El portugués Cristiano Ronaldo marcó una tripleta ante España en el debut de ambos por el Grupo B del Mundial de Rusia-2018, en Sochi
Un partido de saco de palomitas, loco, indomable, al que sólo le faltaron la prórroga y los penaltis, encendió el Mundial para España. Con un guión de documental la igualada retrata a las dos selecciones. Portugal se abrazó a Cristiano, que rodó una trilogía, brutal cuando tiene hambre e igualó a la selección de Hierro, desarmada en el inicio, brillante en el tramo medio, con un Isco descomunal, y con el sistema nervioso destrozado en el final.

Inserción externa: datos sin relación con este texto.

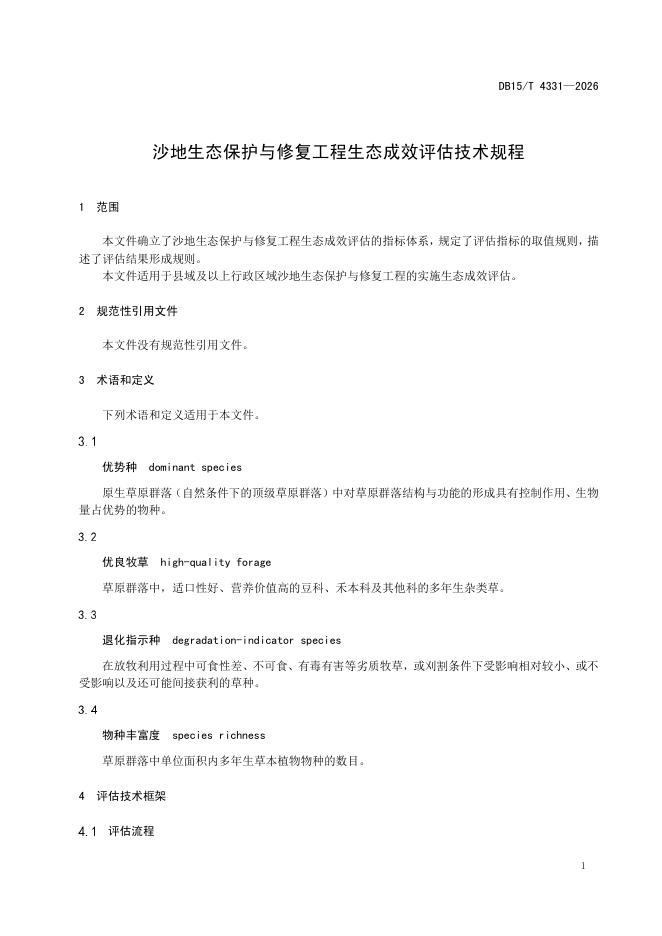 DB15/T 4331-2026 沙地生态保护与修复工程生态成效评估技术规程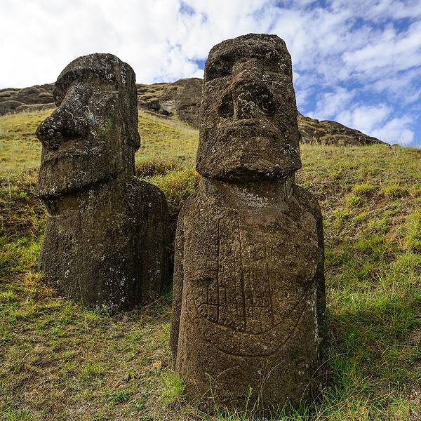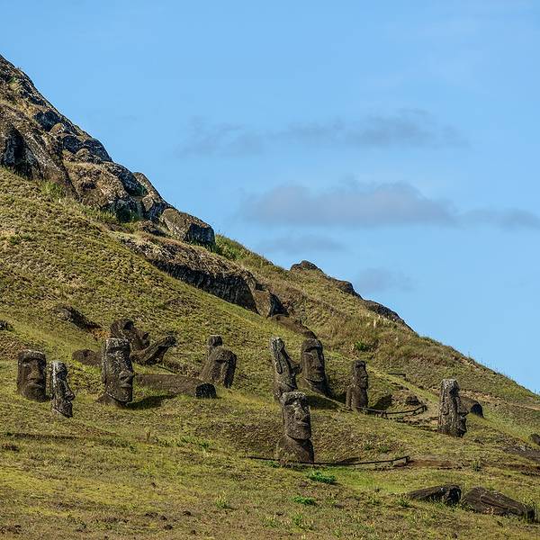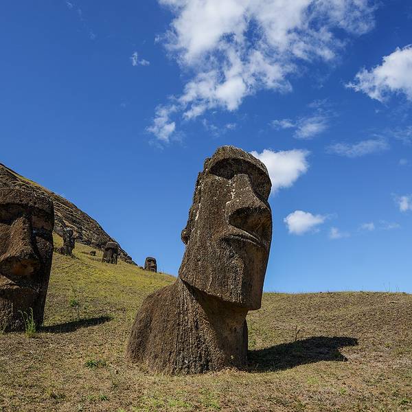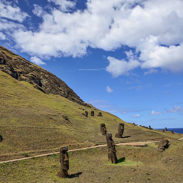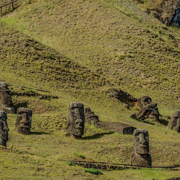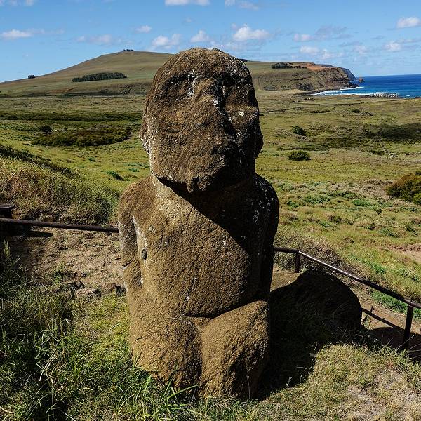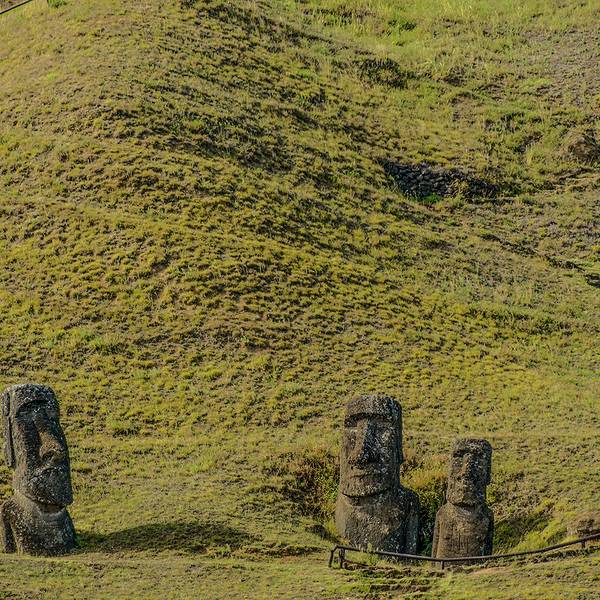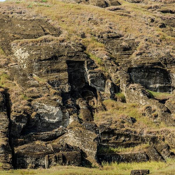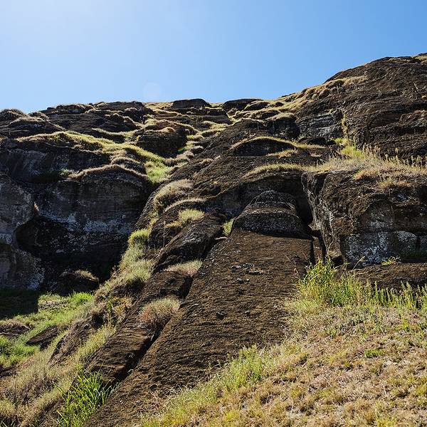 之前看过资料,复活节岛上总共有887尊摩艾石像,而95%都是诞生于拉诺.拉拉库火山口。而且在火山口内壁和外坡上,还遗留有397尊摩艾石像,其中141尊还是处于未完工状态。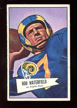 1952 Bowman Large Football Card (#137) of Los Angeles Rams Hall-of-Fame Quarterback, Bob Waterfield. Card is VG-EX with some corner wear and a light back crease in the lower right. Surface indentation along the bottom edge. Wax stain on back. Ding in the lower left corner. See scan for centering.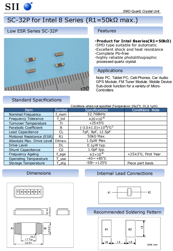 更多>>精工6G晶振物料SMD32.768kHz石英晶體電阻降低Q-SC32S0321060AAAF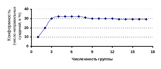 Соломон Аш (Asch, 1955) экспериментально определил степень конформности293. Она быстро возрастает при увеличении числа членов группы до трёх, а начиная с четырёх – не растёт, а даже несколько снижается: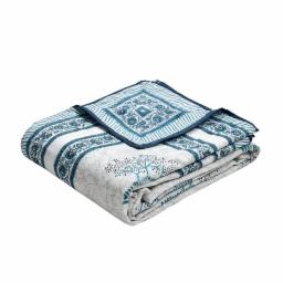 BLOCKS OF INDIA Hand Block Printed Cotton Single Size Reversible Malmal Dohar for Summer (Blue Tree)-300 TC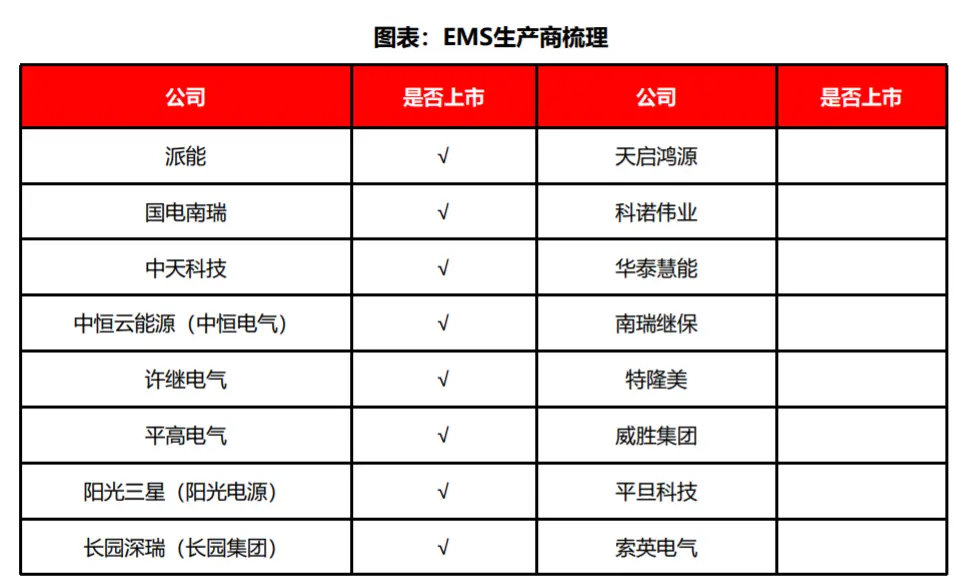 从能量管理系统(EMS)看,当前国内有关企业大概有16家,其中有7家为上市公司,主要是国网系的公司。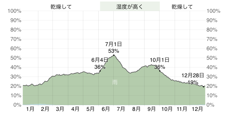 3月から上昇しているのがわかると思います。少しづづ雨の影響が強くなってきます。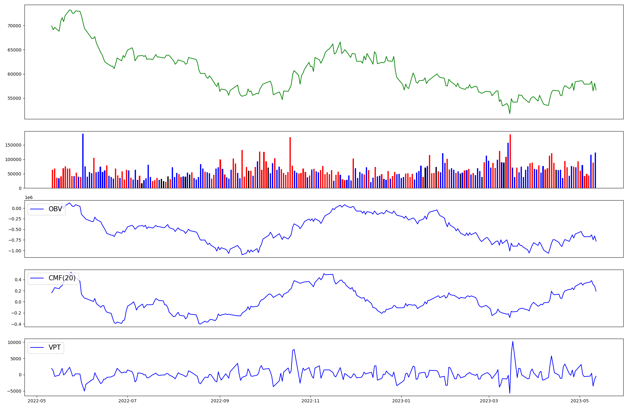 | OBV | CMF | VPT | |

España se rearmó después de un sopapo en el primer susurro y un mazazo en el balcón del descanso, pero la última bala de Cristiano, una falta al borde del área, la dejó sin respuesta. En el agujero negro del día hay que dejar a De Gea, con un fallo de los que en un Mundial te mandan a la puerta de embarque. La fortuna es que falta mucho. La selección de Sudáfrica era de acero. Ésta padece de temblores.
Un balón destinado al infierno, el territorio favorito de Diego Costa, lo rescató este de la nuez de Pepe, se lo llevó en mitad de una estampida de indios y vaqueros y lo empapeló con la pierna derecha. Era el empate, el despertador de España.
Hasta ese momento Portugal había destituido a España. Le había borrado el ADN, el juego, el balón y la personalidad. Al terminar los himnos Cristiano encaró a Nacho y le hizo la bicicleta de los entrenamientos. El defensa le rozó, lo justo según la tecnología. Una merienda para Cristiano desde el punto de penalti.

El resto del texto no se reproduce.